◆ **Task**
Your response should be an exact transcription of the data, images excluded.

*** Opening Recorded data ***

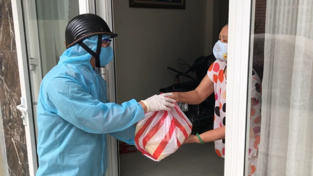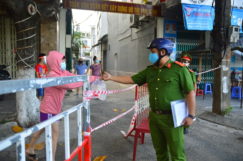 Thượng úy Đặng Minh, Công an phường Hòa Thuận Tây (quận Hải Châu), giao thức ăn cho người dân trong khu cách lý y tế.
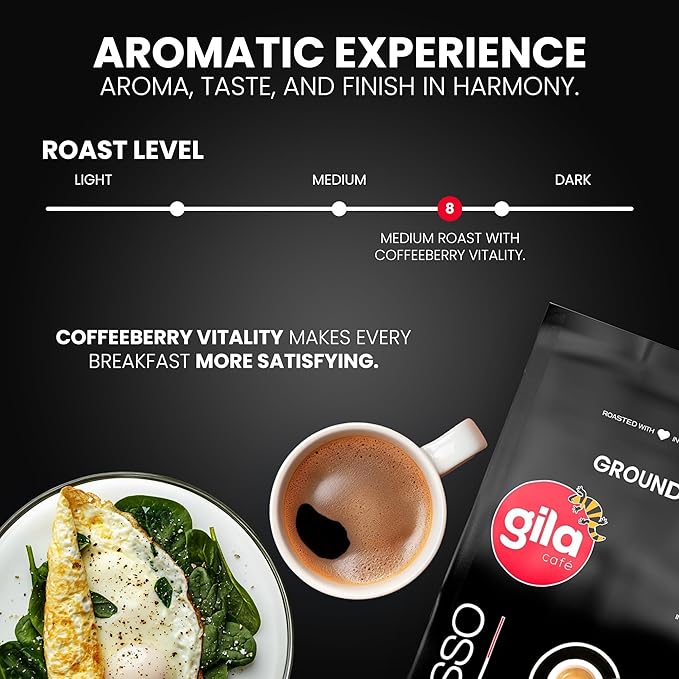 gila café Ground Coffee Medium Roast Espresso 32oz (1-Pack) - 100% Mexican Arabica Bean Coffee Grounds - Made with Coffeeberry - Chocolate, Hazelnut, Vanilla Notes
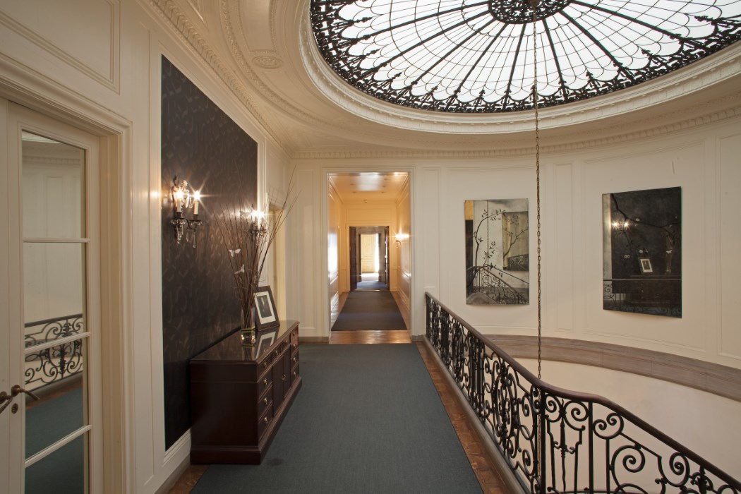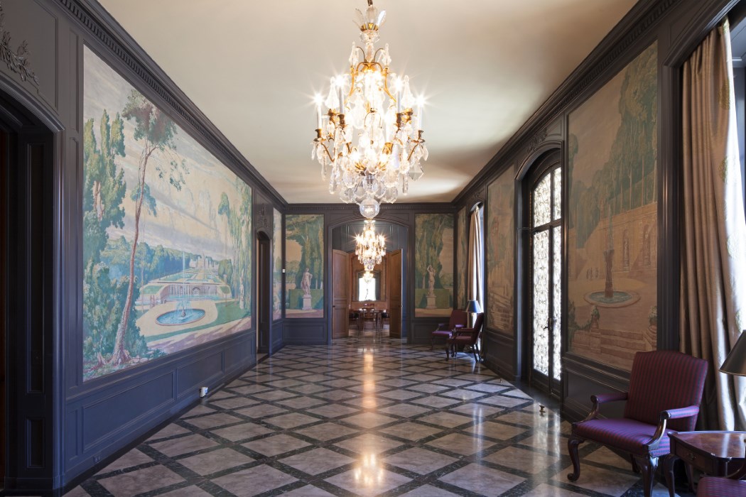 Situated on “Millionaires Row” along tree-lined Orange Grove Boulevard and Madeline Drive is one of the largest and most significant architectural treasures in the prestigious community of Pasadena, California. Surrounded by brick walls, wrought iron gates and matured trees, the John S. Cravens Estate was built in the late 1920s at a reported cost of $1.25 Million. Using only the finest materials and world-renowned designers, artisans and workers, the Cravens Estate boasts approximately 20,000 sq. ft. of living space and was constructed of steel reinforced concrete, brick veneer, imported European finishes, hand painted murals and a Vermont slate roof. It was famous for being the most expensive home ever built in Pasadena, according to a Los Angeles Times story dated February 6, 1955. The architect was San Francisco-based Lewis P. Hobart who designed the iconic Grace Cathedral in San Francisco and was best known for private estates in Northern California. The Cravens Estate was his only known commission in Southern California. The builder was the P.J. Walker Company, the builder of the historic Doheny Greystone Mansion in Beverly Hills. The Greystone Mansion and Cravens Estate are reported to have been their only residential commissions in Southern California. Their other architecturally significant projects in Southern California included the Los Angeles Times Building and the Bullock’s Wilshire in Los Angeles, and the Biltmore Hotel in Santa Barbara. Few builders had a greater impact on the region than P.J. Walker. The Cravens Estate was honored with the Pasadena Beautiful Foundation Award in 1965 and designated as a Cultural Heritage Landmark by the City of Pasadena in 1971. In 2010, it was honored as the Pasadena Showcase House of Design and underwent partial restoration and renovation by many talented and well-known local designers.
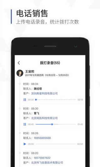 3、电话销售管理:支持PC端一键拨号,同步实现电话录音、通话数据统计、电话排行榜展示及客户跟进计划制定,推动CRM系统与电话机深度融合,助力企业全面掌握员工通话数据,优化沟通话术策略,有效提升销售业绩。

*** Closing Recorded data ***

◆ **Finished task**
 Thượng úy Đặng Minh, Công an phường Hòa Thuận Tây (quận Hải Châu), giao thức ăn cho người dân trong khu cách lý y tế.
 gila café Ground Coffee Medium Roast Espresso 32oz (1-Pack) - 100% Mexican Arabica Bean Coffee Grounds - Made with Coffeeberry - Chocolate, Hazelnut, Vanilla Notes
 Situated on “Millionaires Row” along tree-lined Orange Grove Boulevard and Madeline Drive is one of the largest and most significant architectural treasures in the prestigious community of Pasadena, California. Surrounded by brick walls, wrought iron gates and matured trees, the John S. Cravens Estate was built in the late 1920s at a reported cost of $1.25 Million. Using only the finest materials and world-renowned designers, artisans and workers, the Cravens Estate boasts approximately 20,000 sq. ft. of living space and was constructed of steel reinforced concrete, brick veneer, imported European finishes, hand painted murals and a Vermont slate roof. It was famous for being the most expensive home ever built in Pasadena, according to a Los Angeles Times story dated February 6, 1955. The architect was San Francisco-based Lewis P. Hobart who designed the iconic Grace Cathedral in San Francisco and was best known for private estates in Northern California. The Cravens Estate was his only known commission in Southern California. The builder was the P.J. Walker Company, the builder of the historic Doheny Greystone Mansion in Beverly Hills. The Greystone Mansion and Cravens Estate are reported to have been their only residential commissions in Southern California. Their other architecturally significant projects in Southern California included the Los Angeles Times Building and the Bullock’s Wilshire in Los Angeles, and the Biltmore Hotel in Santa Barbara. Few builders had a greater impact on the region than P.J. Walker. The Cravens Estate was honored with the Pasadena Beautiful Foundation Award in 1965 and designated as a Cultural Heritage Landmark by the City of Pasadena in 1971. In 2010, it was honored as the Pasadena Showcase House of Design and underwent partial restoration and renovation by many talented and well-known local designers.
 3、电话销售管理:支持PC端一键拨号,同步实现电话录音、通话数据统计、电话排行榜展示及客户跟进计划制定,推动CRM系统与电话机深度融合,助力企业全面掌握员工通话数据,优化沟通话术策略,有效提升销售业绩。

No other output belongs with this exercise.